OPINION
REBECCA BEACH SMITH, District Judge:
Jennie L. Layne (“Layne”) brought this suit in federal court, pursuant to 42 U.S.C. § 1983, against her former employer, Campbell County Department of Social Ser
vices (“the Department”), and two of its employees in both their individual and official capacities: Cilla P. Brown (“Brown”), Director, and Judith E. Gilchrist (“Gilchrist”), Layne’s supervisor at the time of her termination.
These defendants allegedly violated Layne’s rights to due process of law and freedom of speech, as secured by the United States and Virginia Constitutions, and breached her employment contract. The district court granted defendants’ motion to dismiss with respect to all federal claims and declined to exercise jurisdiction over the pendent state law claims. Finding no reversible error, we affirm.
I.
Layne began employment with the Department in 1973. She filed an Equal Employment Opportunity (“EEO”) complaint in August, 1986, claiming discrimination by the Department. For the three years prior to August, 1986, she received satisfactory job evaluations. Following the filing of the EEO complaint, she received three unsatisfactory evaluations, covering the period of July 1, 1986, through October 23, 1987.
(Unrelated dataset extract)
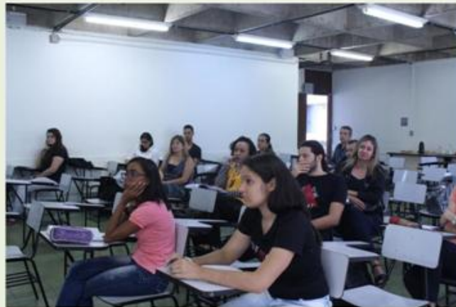
Bolsistas e professores integrantes do Centro MG participaram da reunião

Os integrantes do Centro MG da Rede CEDES se reuniram pela manhã na EEFFTO para realizar uma reunião interna e tiveram como pauta a discussão sobre o planejamento e atividades realizadas em 2016 e o cronograma dos grupos para 2017, além de informes e atualizações sobre as ações do Centro MG.

Layne claims these last three evaluations were made arbitrarily and in bad faith, in order to create a paper trail to justify her termination.
On November 6, 1987, Gilchrist sent Layne written notice of her termination, effective that day. Also on November 6, 1987, Brown sent Layne a memorandum informing her that she was fired for making a coercive statement to her supervisor on August 26, 1987, and because of “the cumulative nature of [her] unsatisfactory employment record.” App. at 9. At the time of the termination, Layne allegedly had achieved permanent employment status and so could be terminated only for cause.
Layne filed a written grievance contesting her termination, pursuant to the Campbell County Grievance Procedure (“CCGP”). On May 30, 1988, and June 21, 1988, a three-member administrative panel heard her grievance and unanimously refused to reinstate her. Layne then filed this action, claiming that defendants deprived her of a valuable property right without due process of law and abridged her right to freedom of speech, in violation of the United States and Virginia Constitutions, and breached her employment contract.
The district court found no violation of Layne’s right to procedural due process and, therefore, held that it was precluded from making further factual findings different from those of the administrative panel which heard her grievance. The court also found that Layne’s substantive due process and first amendment rights had not been violated. Consequently, the court granted defendants’ motion to dismiss and declined to exercise jurisdiction over the pendent state law claims.
Layne raises two issues on appeal. First, she argues that the decision of the state administrative panel concerning her termination does not preclude her from litigating this action in federal court, pursuant to 42 U.S.C. § 1983, because the CCGP failed to provide her an adequate opportunity to litigate her grievance.
Second, she
asserts that her action against Brown and Gilchrist in their individual capacities should proceed because neither Brown nor Gilchrist were parties to the administrative hearing.
II.
The CCGP is a three-step procedure for processing a grievance, the final step of which is a hearing before an administrative panel.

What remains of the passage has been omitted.